How Windows Are Rated for Energy Efficiency
Last updated in November 2016
Modern windows are constructed to reduce your home’s wintertime heat loss, enhance its wintertime heat gain from the sun, and suppress its summertime heat gain.
Within each window style and construction option, you’ll find windows available that provide different levels of energy efficiency—in general, the more efficient the window, the higher its price.
By choosing efficient windows, you conserve energy. That saves you money, saves world resources, and reduces your contribution to pollution. In addition, preventing heat from escaping your home will make your home more comfortable. You will eliminate cold areas around windows.
When choosing among windows, look for several factors that measure energy conservation performance:
Construction and Insulation
Modern “insulated” windows are constructed using two or three panes of glass, with air or an inert gas such as argon or krypton filling the space between panes. The air or gas is an insulator, more resistant to the passage of heat than solid glass. Usually one or more of the panes are glazed with a thin transparent film of metal that reduces the pane’s ability to radiate heat; this is called a low-E coating. In high-quality windows, the materials of the frame itself are poor heat conductors. The spacer material that separates the panes of glass around the edges is another issue. Aluminum, a common spacer material, is highly conductive, transferring heat from pane to pane; rigid foams and other less conductive materials replace aluminum in some windows.
This measures the ease with which heat passes through the window. In order to minimize heat loss, you want windows with a low U-factor. Old windows with a single pane of glass in an aluminum frame might have a U-factor of about 1.3; some new high-tech windows have U-factors as low as 0.1. In this area, the U.S. Department of Energy currently requires that new residential windows have U-factors of .30 or lower. Sometimes U-factors are calculated for the glass area only. That is not very useful; you should get information on the U-factor for the entire window assembly.
Solar Heat Gain Coefficient (SHGC)
This expresses the fraction of the sun’s radiation that is admitted through a window. In cold weather, a high SHGC number is desirable for windows that receive a lot of direct sun exposure. The heat from solar radiation a home takes in through a south-facing window may be great enough to more than offset heat loss through the window, making the window better than a well-insulated wall from an energy conservation standpoint. On the other hand, in warm weather a high SHGC number in windows that receive a lot of direct sun exposure is undesirable, as the heat from the solar radiation raises indoor temperatures, forcing air-conditioning systems to work harder.

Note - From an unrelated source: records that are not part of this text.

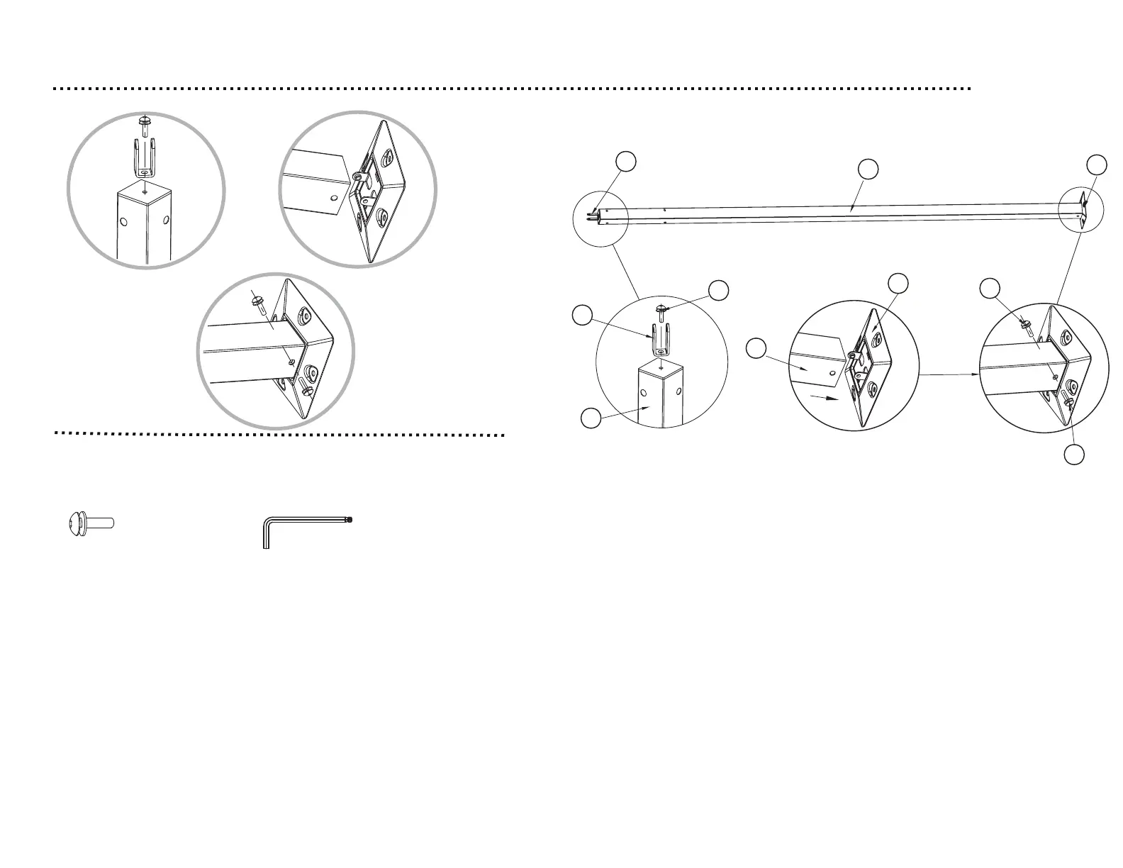 1. Attach the U-shaped part 1 (G) to the post leg (A), secure with M6*15mm bolt with washer (O) using the allen wrench (T).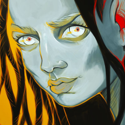 Hell- design featuring detailed profile portrait of a girl. This illustration was made in Photoshop, the source file is avaible in PNG format and can be used for screenprinting , digital print and tshirt design.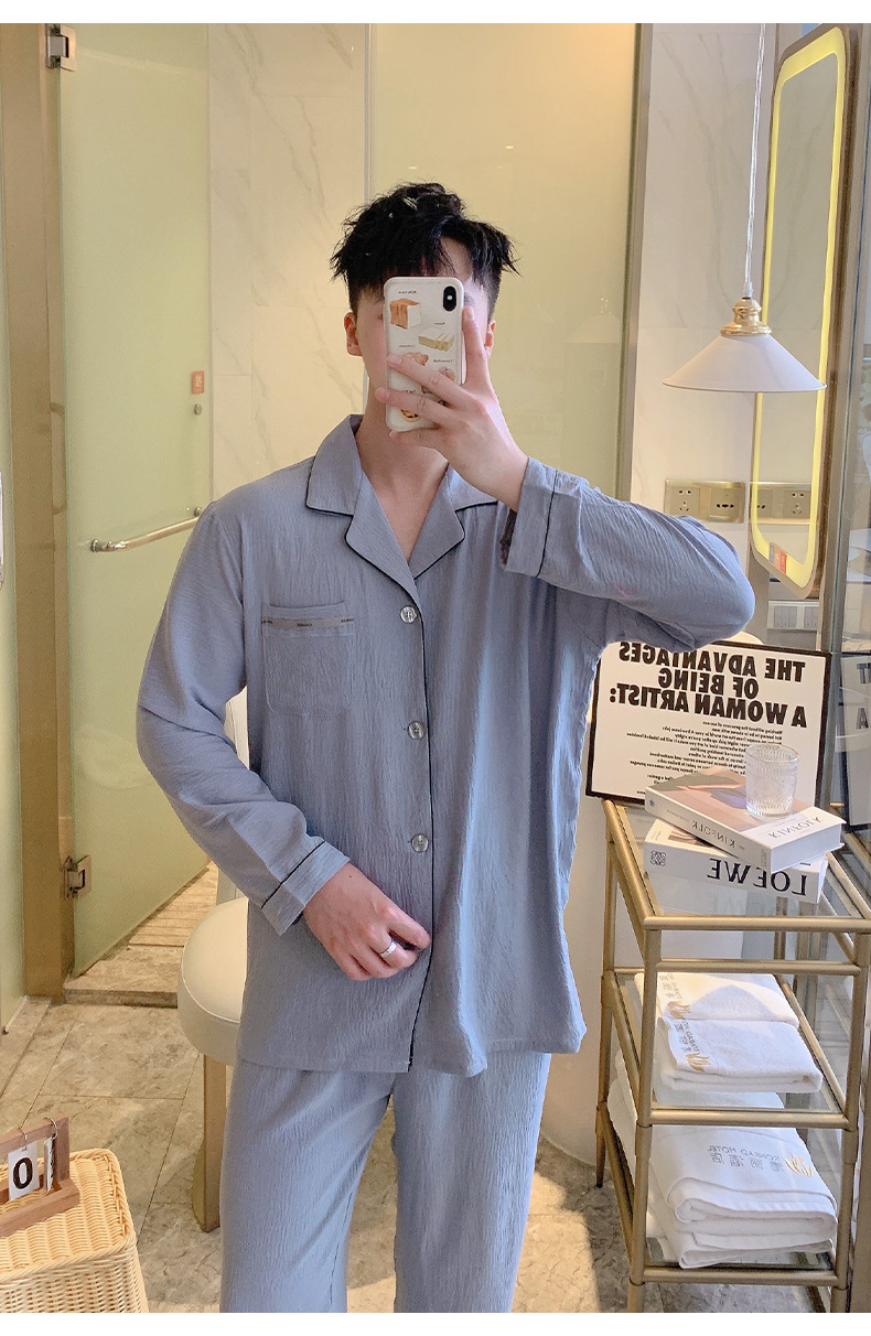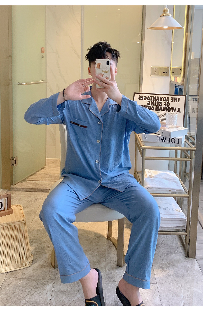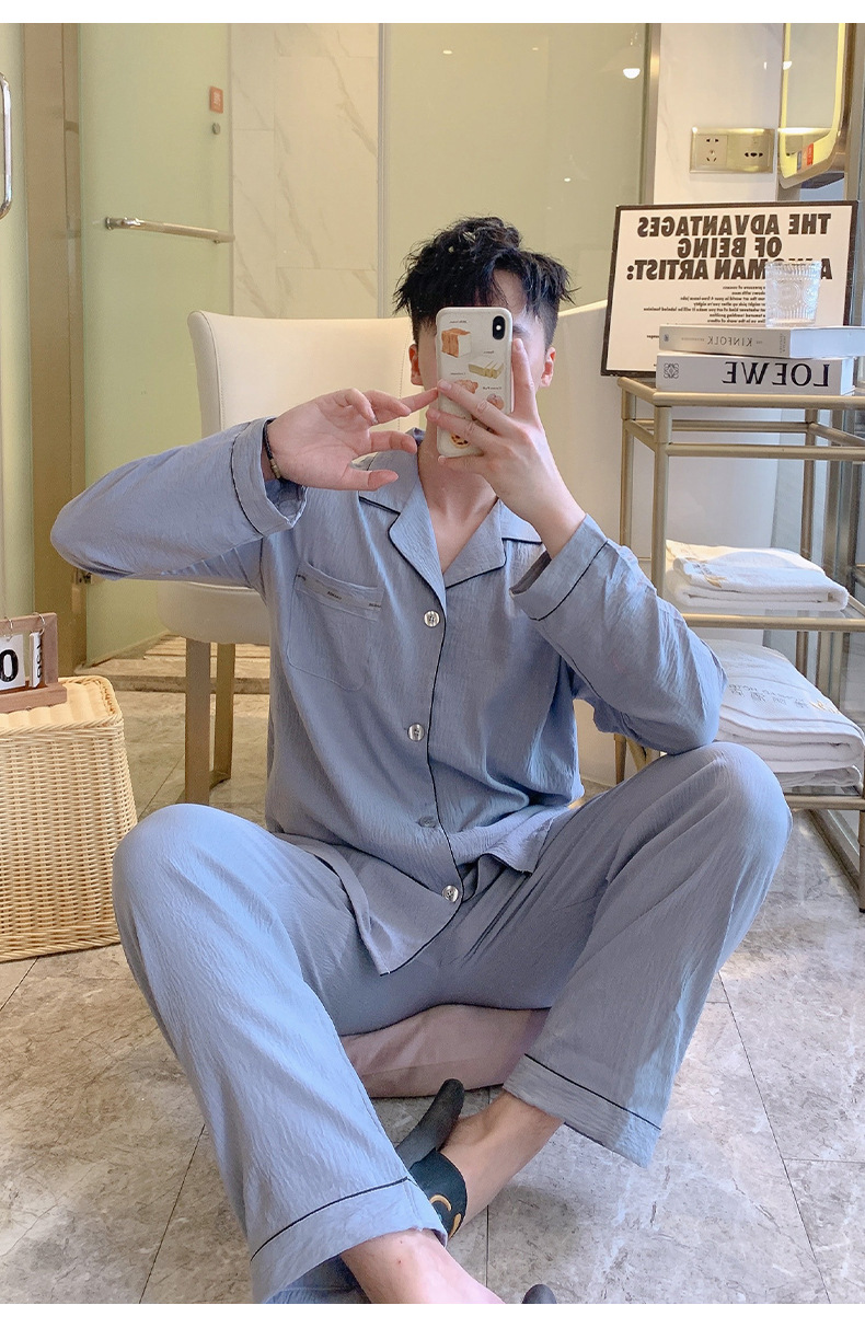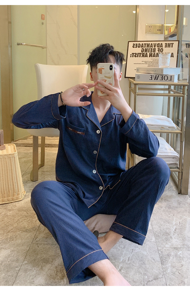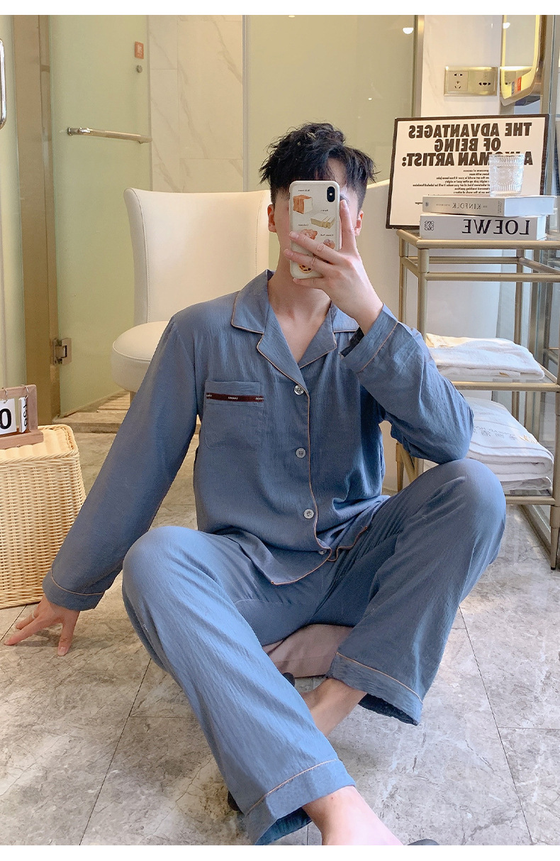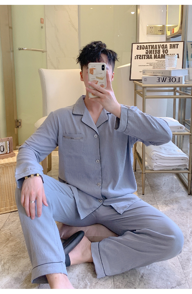 새로운 면 잠옷 남성 긴팔 봄, 가을 십대 소년 여름 가정 의류 대형 세트 HDF305스토어 가기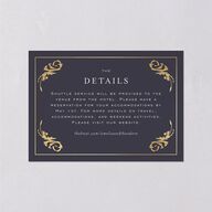 A slim frame runs smoothly around serif text, accented by foil-gilded filigree details. The ballroom-inspired details shine against our enclosure cards, accompanied by a link to your wedding website. Your initials, penned in a delicate calligraphy, grace the reverse side.

The ideal solution is to have a high SHGC on south-facing windows, which get direct exposure to the sun when the sun is low in the sky in the winter, and then shade these windows in the summer with a roof overhang or trees.
In general, as U-factor goes down (when more effective low-E coatings are added to the glass), so does the SHGC measurement. For a south-facing window you may decide to sacrifice some ability to prevent heat loss in favor of a window with high solar heat gain potential. An old window with a single clear pane of glass with no special low-E coating might have an SHGC rating of about 0.70; a double-glazed window with low-E coating on both panes might have an SHGC of about 0.35, meaning it transmits about half as much solar heat as the old model.
This is reported in cubic feet per minute per square foot of window (cfm/sq ft), as a measure of the movement of air (convection) between the inside and outside of a building through cracks in and around the window frame. Windows should have an air-leakage rating of 0.3 or less.
How They Affect Sunlight
The whole purpose of having windows, of course, is to create views and admit sunlight. But on the admitting-light front, not all windows are equal. Light passing through a window is affected by the glazing material (glass or plastic), number of layers of panes, and any coatings applied to the panes. Window-makers use “visible transmittance” (VT) to indicate how much light windows admit. VT ranges from more than 90 percent for clear glass to under 10 percent for windows with highly reflective coatings on top of tinted glass. You may have to sacrifice some visible light that would come through a window to achieve an acceptable level of energy efficiency. This means that what you see outdoors will not look as bright as it otherwise would. The diminished brightness may not bother you—might even please you—on sunny days, but could be undesirable at night.